*Work request*. Your copy should start at the line with "沖縄県辺戸岬の台地、岩、草、海、サンゴ" and end at the line with "sus redes sociales." in the data below. Transcribe only those lines, exactly, pictures excluded.

*Study material*.
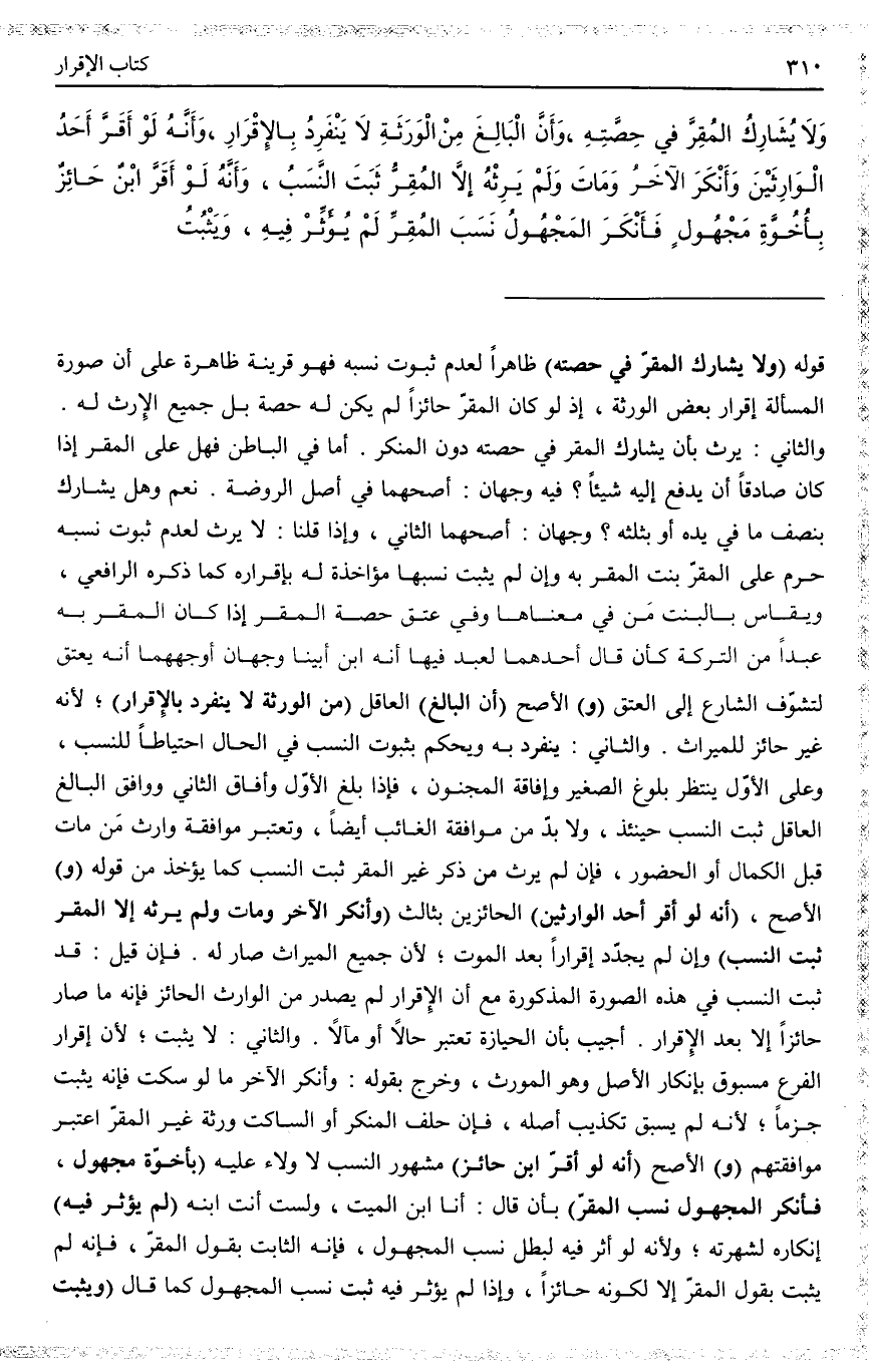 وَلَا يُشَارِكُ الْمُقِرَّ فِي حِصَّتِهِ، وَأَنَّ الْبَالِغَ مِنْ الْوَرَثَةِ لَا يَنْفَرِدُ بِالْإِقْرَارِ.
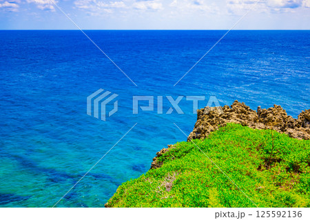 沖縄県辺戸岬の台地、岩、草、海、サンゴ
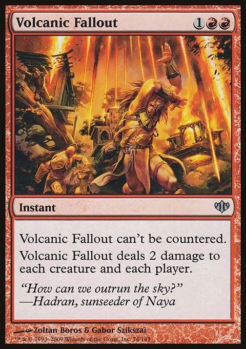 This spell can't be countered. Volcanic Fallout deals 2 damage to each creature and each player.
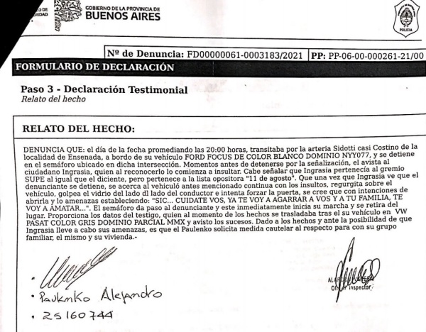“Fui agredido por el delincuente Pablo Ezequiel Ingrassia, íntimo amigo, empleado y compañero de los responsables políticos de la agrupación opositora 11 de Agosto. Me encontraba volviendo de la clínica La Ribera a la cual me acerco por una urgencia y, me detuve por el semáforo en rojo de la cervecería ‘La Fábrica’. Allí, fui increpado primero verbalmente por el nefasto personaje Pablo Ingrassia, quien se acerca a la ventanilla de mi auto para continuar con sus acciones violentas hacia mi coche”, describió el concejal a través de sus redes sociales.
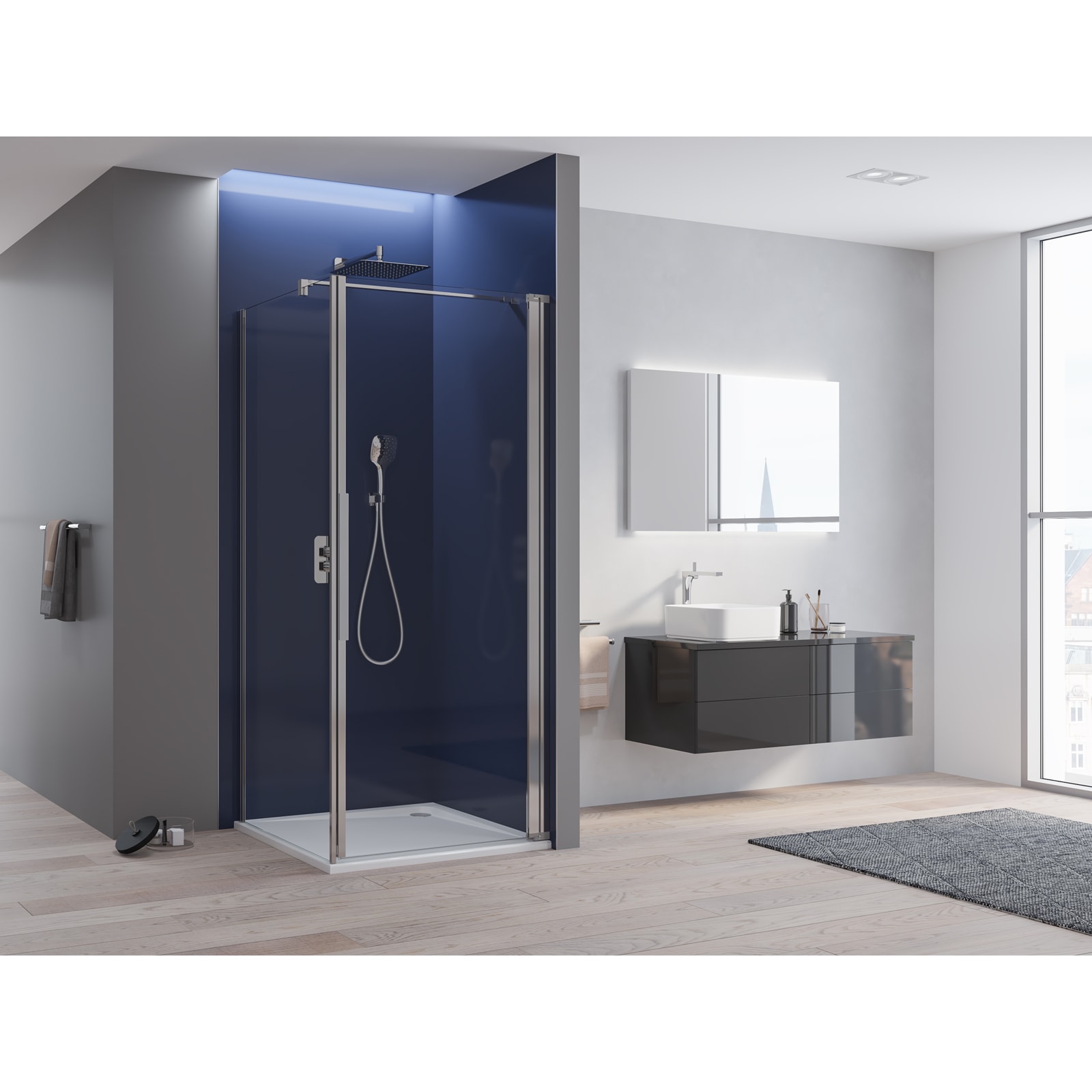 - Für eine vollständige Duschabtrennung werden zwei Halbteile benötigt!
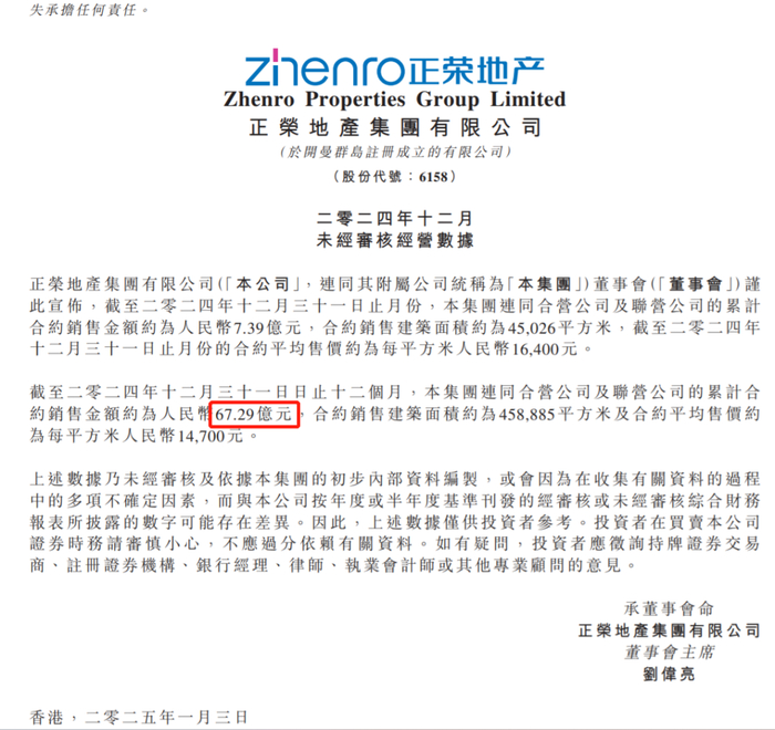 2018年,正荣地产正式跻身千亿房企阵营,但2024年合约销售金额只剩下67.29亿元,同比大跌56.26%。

--

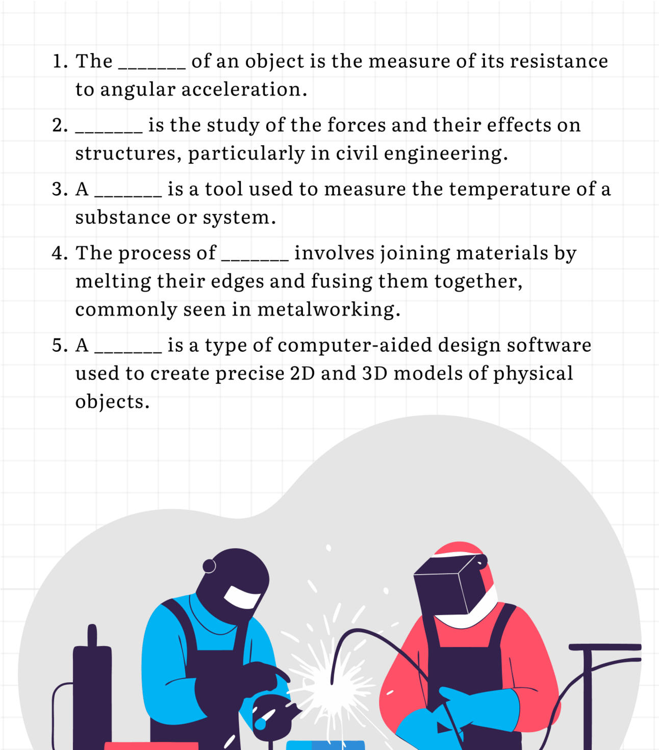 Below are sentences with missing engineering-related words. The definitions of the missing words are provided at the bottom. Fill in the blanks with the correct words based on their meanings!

*Exercise answer*.
 沖縄県辺戸岬の台地、岩、草、海、サンゴ
 This spell can't be countered. Volcanic Fallout deals 2 damage to each creature and each player.
“Fui agredido por el delincuente Pablo Ezequiel Ingrassia, íntimo amigo, empleado y compañero de los responsables políticos de la agrupación opositora 11 de Agosto. Me encontraba volviendo de la clínica La Ribera a la cual me acerco por una urgencia y, me detuve por el semáforo en rojo de la cervecería ‘La Fábrica’. Allí, fui increpado primero verbalmente por el nefasto personaje Pablo Ingrassia, quien se acerca a la ventanilla de mi auto para continuar con sus acciones violentas hacia mi coche”, describió el concejal a través de sus redes sociales.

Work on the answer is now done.